(Records contained in a dataset)
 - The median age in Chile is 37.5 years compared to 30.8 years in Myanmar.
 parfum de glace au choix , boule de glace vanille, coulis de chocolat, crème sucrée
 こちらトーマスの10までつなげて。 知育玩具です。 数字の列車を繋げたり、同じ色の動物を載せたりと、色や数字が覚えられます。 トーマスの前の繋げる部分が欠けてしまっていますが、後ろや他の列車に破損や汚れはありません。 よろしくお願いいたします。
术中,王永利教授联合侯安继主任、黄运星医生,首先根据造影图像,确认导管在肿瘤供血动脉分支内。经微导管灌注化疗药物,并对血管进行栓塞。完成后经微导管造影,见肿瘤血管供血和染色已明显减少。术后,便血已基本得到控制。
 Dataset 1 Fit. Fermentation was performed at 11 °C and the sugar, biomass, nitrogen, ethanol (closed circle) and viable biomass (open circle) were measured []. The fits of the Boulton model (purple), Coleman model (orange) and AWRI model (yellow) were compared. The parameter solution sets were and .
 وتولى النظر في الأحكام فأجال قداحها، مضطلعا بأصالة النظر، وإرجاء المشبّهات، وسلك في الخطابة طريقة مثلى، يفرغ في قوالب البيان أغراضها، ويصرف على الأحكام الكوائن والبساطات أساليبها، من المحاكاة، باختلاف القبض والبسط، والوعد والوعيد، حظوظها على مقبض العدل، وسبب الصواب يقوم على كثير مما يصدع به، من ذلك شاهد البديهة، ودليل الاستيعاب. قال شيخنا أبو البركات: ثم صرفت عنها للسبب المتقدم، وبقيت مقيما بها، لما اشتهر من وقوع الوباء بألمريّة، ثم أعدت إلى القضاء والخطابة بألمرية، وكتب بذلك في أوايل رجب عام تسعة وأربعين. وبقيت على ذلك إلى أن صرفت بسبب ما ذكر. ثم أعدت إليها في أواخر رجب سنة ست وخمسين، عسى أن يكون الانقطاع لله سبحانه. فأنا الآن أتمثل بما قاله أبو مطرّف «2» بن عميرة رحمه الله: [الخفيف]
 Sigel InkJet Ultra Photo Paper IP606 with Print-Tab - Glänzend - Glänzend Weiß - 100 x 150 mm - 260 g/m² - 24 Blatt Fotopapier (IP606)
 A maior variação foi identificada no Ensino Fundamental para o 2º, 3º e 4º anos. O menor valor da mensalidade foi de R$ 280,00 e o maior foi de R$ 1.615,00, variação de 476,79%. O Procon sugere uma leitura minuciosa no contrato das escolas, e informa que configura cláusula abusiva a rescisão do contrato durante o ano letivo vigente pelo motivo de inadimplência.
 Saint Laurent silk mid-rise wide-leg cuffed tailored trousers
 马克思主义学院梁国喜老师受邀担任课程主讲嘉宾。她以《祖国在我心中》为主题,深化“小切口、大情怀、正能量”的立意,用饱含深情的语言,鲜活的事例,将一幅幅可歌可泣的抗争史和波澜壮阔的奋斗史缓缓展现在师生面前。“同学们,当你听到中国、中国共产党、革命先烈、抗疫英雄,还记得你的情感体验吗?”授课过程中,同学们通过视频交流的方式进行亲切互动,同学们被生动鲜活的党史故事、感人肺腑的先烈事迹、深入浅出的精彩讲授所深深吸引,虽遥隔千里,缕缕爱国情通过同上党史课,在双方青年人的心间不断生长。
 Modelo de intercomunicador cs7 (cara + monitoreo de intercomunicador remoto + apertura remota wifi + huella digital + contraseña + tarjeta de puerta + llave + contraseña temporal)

Exercise objective
The answer should be the exact lines running from the line containing "术中,王永利教授联合侯安继主" to the last line of the entries, with nothing else.

Response
术中,王永利教授联合侯安继主任、黄运星医生,首先根据造影图像,确认导管在肿瘤供血动脉分支内。经微导管灌注化疗药物,并对血管进行栓塞。完成后经微导管造影,见肿瘤血管供血和染色已明显减少。术后,便血已基本得到控制。
 Dataset 1 Fit. Fermentation was performed at 11 °C and the sugar, biomass, nitrogen, ethanol (closed circle) and viable biomass (open circle) were measured []. The fits of the Boulton model (purple), Coleman model (orange) and AWRI model (yellow) were compared. The parameter solution sets were and .
 وتولى النظر في الأحكام فأجال قداحها، مضطلعا بأصالة النظر، وإرجاء المشبّهات، وسلك في الخطابة طريقة مثلى، يفرغ في قوالب البيان أغراضها، ويصرف على الأحكام الكوائن والبساطات أساليبها، من المحاكاة، باختلاف القبض والبسط، والوعد والوعيد، حظوظها على مقبض العدل، وسبب الصواب يقوم على كثير مما يصدع به، من ذلك شاهد البديهة، ودليل الاستيعاب. قال شيخنا أبو البركات: ثم صرفت عنها للسبب المتقدم، وبقيت مقيما بها، لما اشتهر من وقوع الوباء بألمريّة، ثم أعدت إلى القضاء والخطابة بألمرية، وكتب بذلك في أوايل رجب عام تسعة وأربعين. وبقيت على ذلك إلى أن صرفت بسبب ما ذكر. ثم أعدت إليها في أواخر رجب سنة ست وخمسين، عسى أن يكون الانقطاع لله سبحانه. فأنا الآن أتمثل بما قاله أبو مطرّف «2» بن عميرة رحمه الله: [الخفيف]
 Sigel InkJet Ultra Photo Paper IP606 with Print-Tab - Glänzend - Glänzend Weiß - 100 x 150 mm - 260 g/m² - 24 Blatt Fotopapier (IP606)
 A maior variação foi identificada no Ensino Fundamental para o 2º, 3º e 4º anos. O menor valor da mensalidade foi de R$ 280,00 e o maior foi de R$ 1.615,00, variação de 476,79%. O Procon sugere uma leitura minuciosa no contrato das escolas, e informa que configura cláusula abusiva a rescisão do contrato durante o ano letivo vigente pelo motivo de inadimplência.
 Saint Laurent silk mid-rise wide-leg cuffed tailored trousers
 马克思主义学院梁国喜老师受邀担任课程主讲嘉宾。她以《祖国在我心中》为主题,深化“小切口、大情怀、正能量”的立意,用饱含深情的语言,鲜活的事例,将一幅幅可歌可泣的抗争史和波澜壮阔的奋斗史缓缓展现在师生面前。“同学们,当你听到中国、中国共产党、革命先烈、抗疫英雄,还记得你的情感体验吗?”授课过程中,同学们通过视频交流的方式进行亲切互动,同学们被生动鲜活的党史故事、感人肺腑的先烈事迹、深入浅出的精彩讲授所深深吸引,虽遥隔千里,缕缕爱国情通过同上党史课,在双方青年人的心间不断生长。
 Modelo de intercomunicador cs7 (cara + monitoreo de intercomunicador remoto + apertura remota wifi + huella digital + contraseña + tarjeta de puerta + llave + contraseña temporal)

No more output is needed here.